:: Task to carry out ::
Please restate word for word the lines of the entries below from the one with "龍的形象采用手繪插畫形式表現" to the one with "shower, double vanity", inclusive, and leave out every picture.

:: Data supplied ::
== Segment start ==

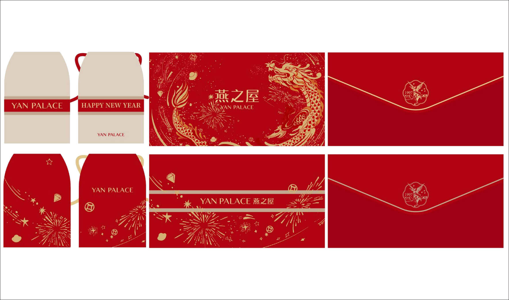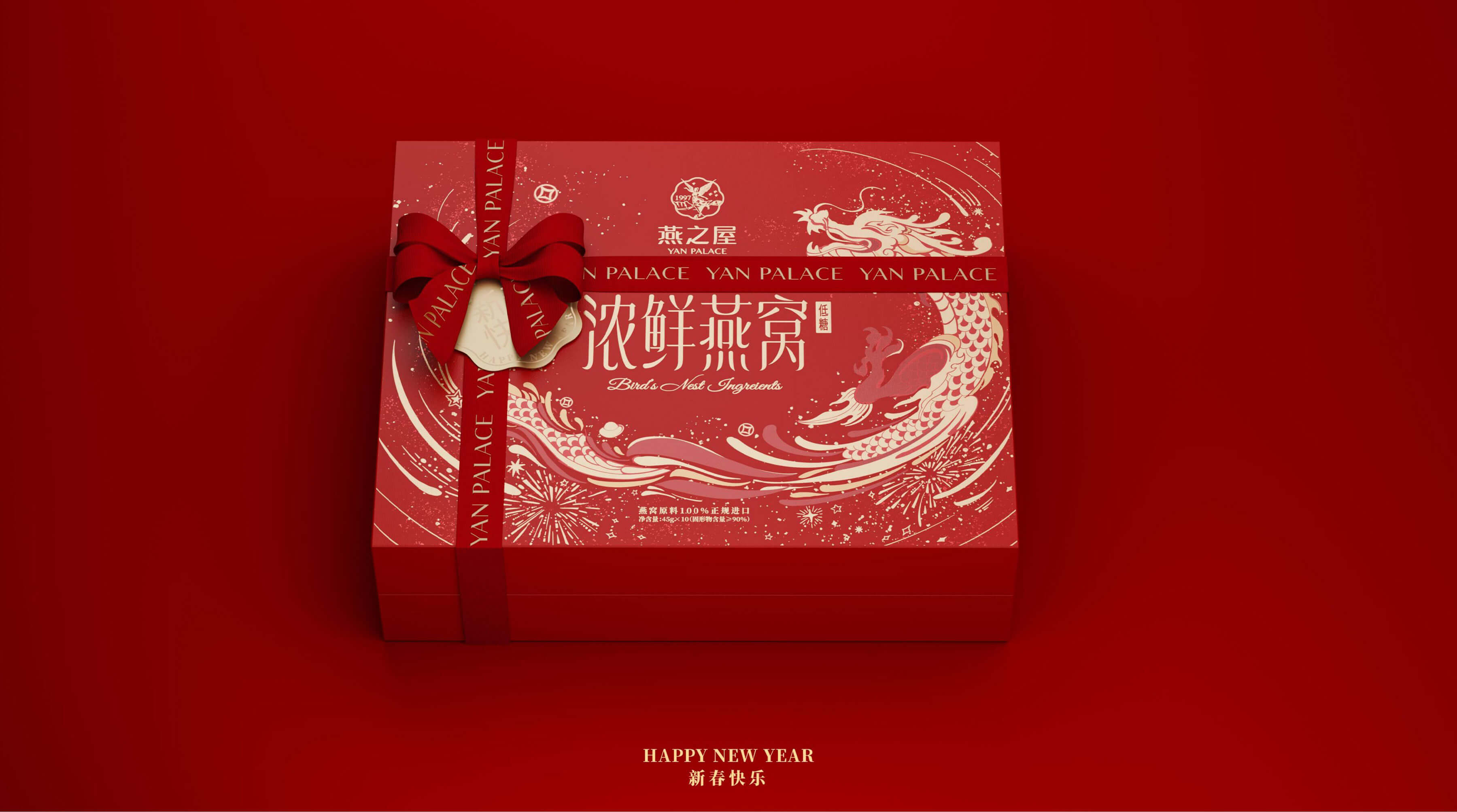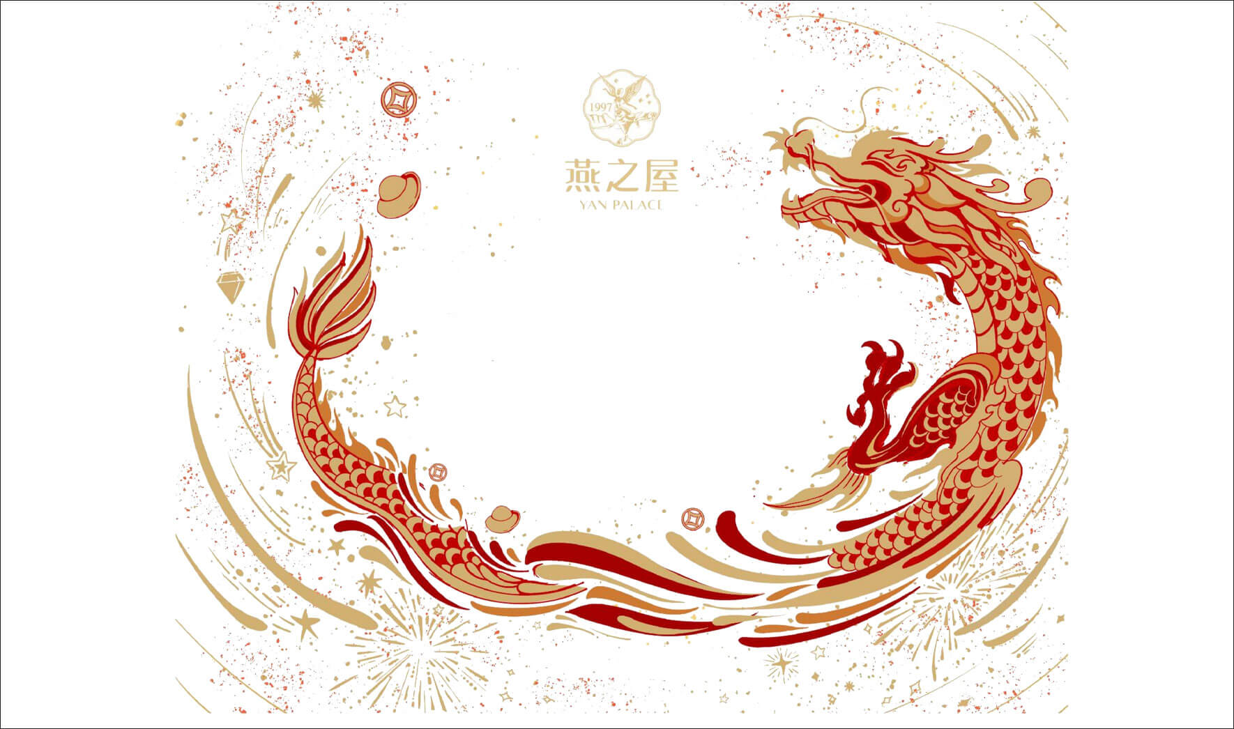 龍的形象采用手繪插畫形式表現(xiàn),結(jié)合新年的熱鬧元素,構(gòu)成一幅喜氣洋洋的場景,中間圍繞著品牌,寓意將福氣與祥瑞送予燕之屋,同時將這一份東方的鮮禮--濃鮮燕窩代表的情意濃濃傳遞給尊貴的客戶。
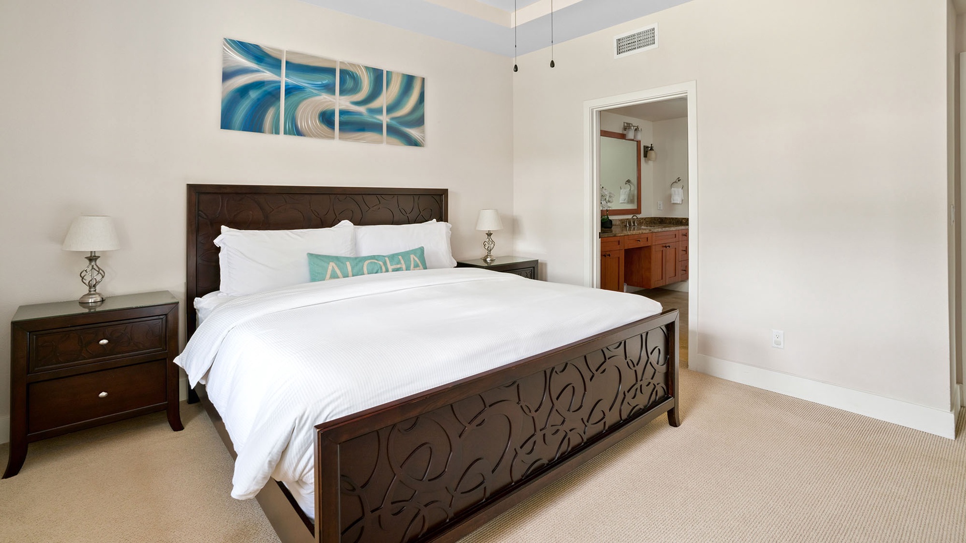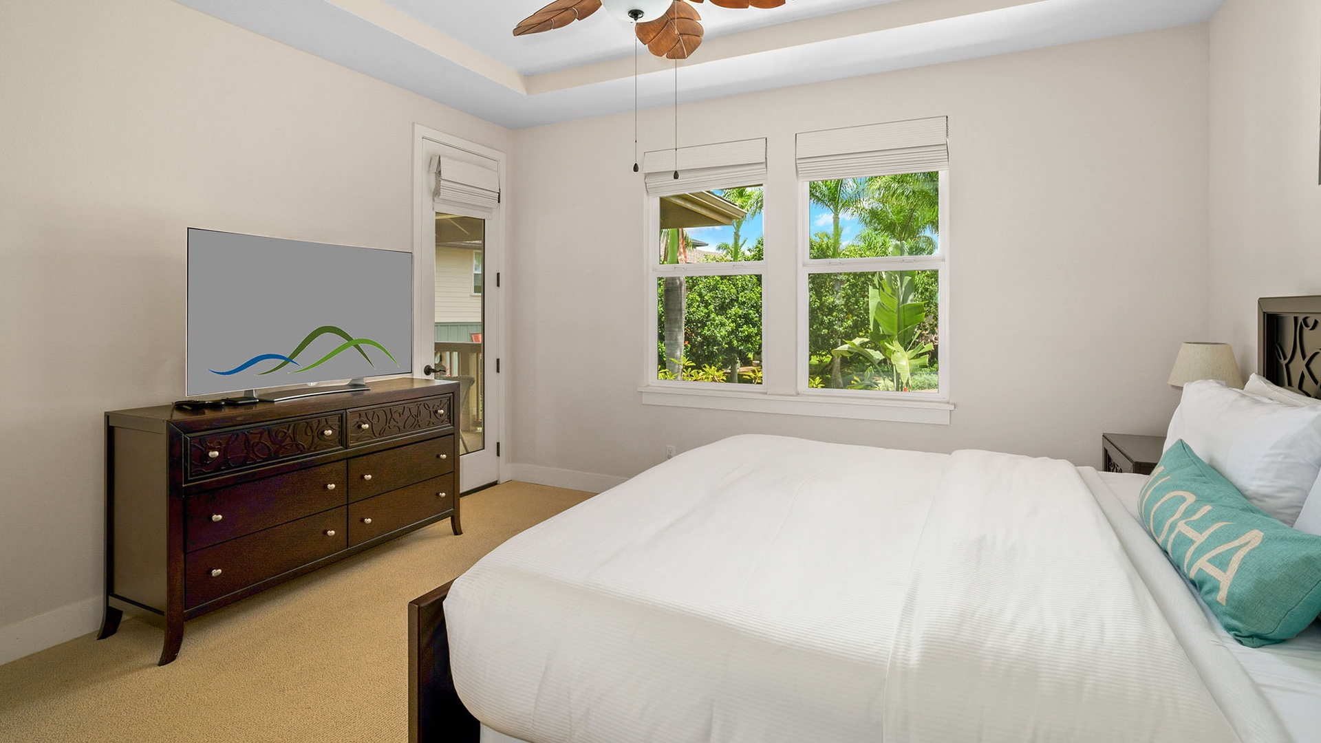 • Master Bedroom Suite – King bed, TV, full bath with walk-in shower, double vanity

== Segment end ==
== Segment start ==

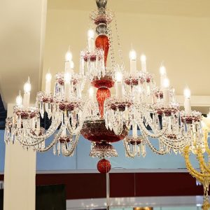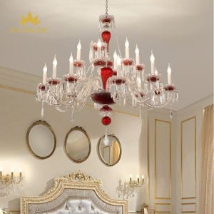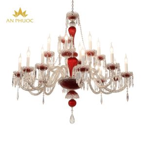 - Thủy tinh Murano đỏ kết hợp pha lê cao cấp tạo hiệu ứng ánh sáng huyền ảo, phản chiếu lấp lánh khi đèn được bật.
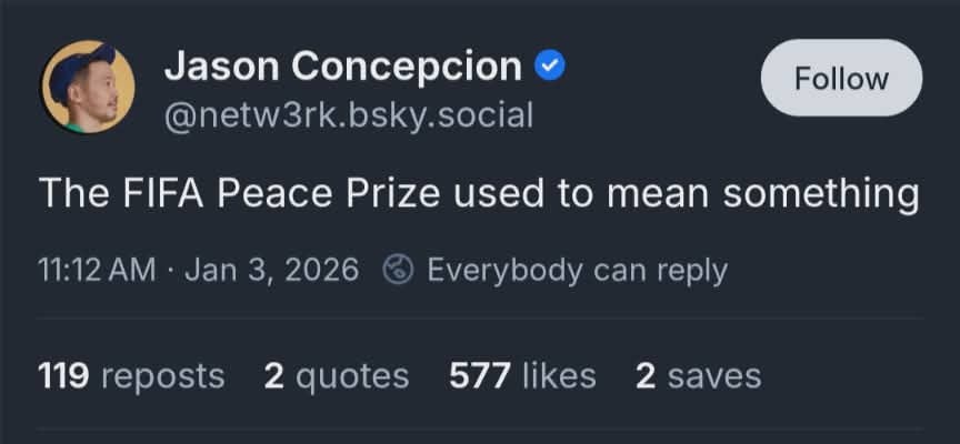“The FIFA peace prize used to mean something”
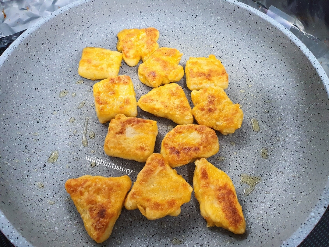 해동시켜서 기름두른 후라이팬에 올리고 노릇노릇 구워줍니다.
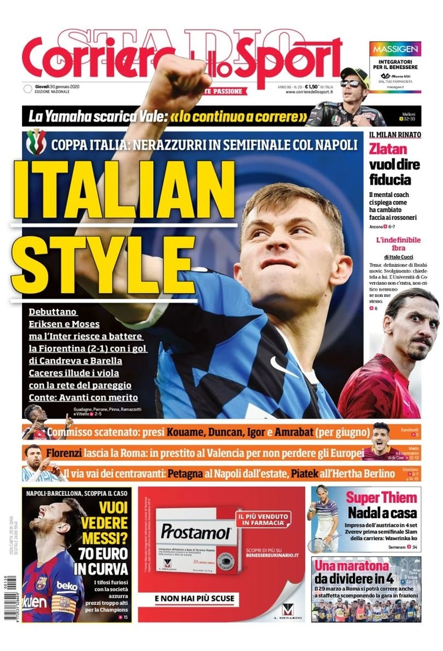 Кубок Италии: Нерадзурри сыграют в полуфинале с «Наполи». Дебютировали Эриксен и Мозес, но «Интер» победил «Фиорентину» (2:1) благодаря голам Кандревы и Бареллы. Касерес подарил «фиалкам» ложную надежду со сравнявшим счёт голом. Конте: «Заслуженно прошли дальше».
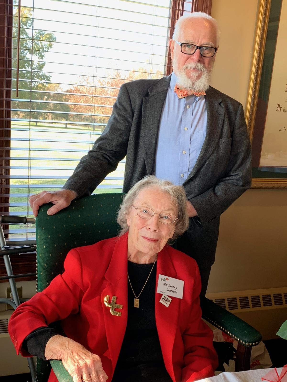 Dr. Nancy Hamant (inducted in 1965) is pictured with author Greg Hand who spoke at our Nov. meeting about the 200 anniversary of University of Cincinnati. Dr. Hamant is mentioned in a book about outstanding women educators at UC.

== Segment end ==

:: Solution ::
 龍的形象采用手繪插畫形式表現(xiàn),結(jié)合新年的熱鬧元素,構(gòu)成一幅喜氣洋洋的場景,中間圍繞著品牌,寓意將福氣與祥瑞送予燕之屋,同時將這一份東方的鮮禮--濃鮮燕窩代表的情意濃濃傳遞給尊貴的客戶。
 • Master Bedroom Suite – King bed, TV, full bath with walk-in shower, double vanity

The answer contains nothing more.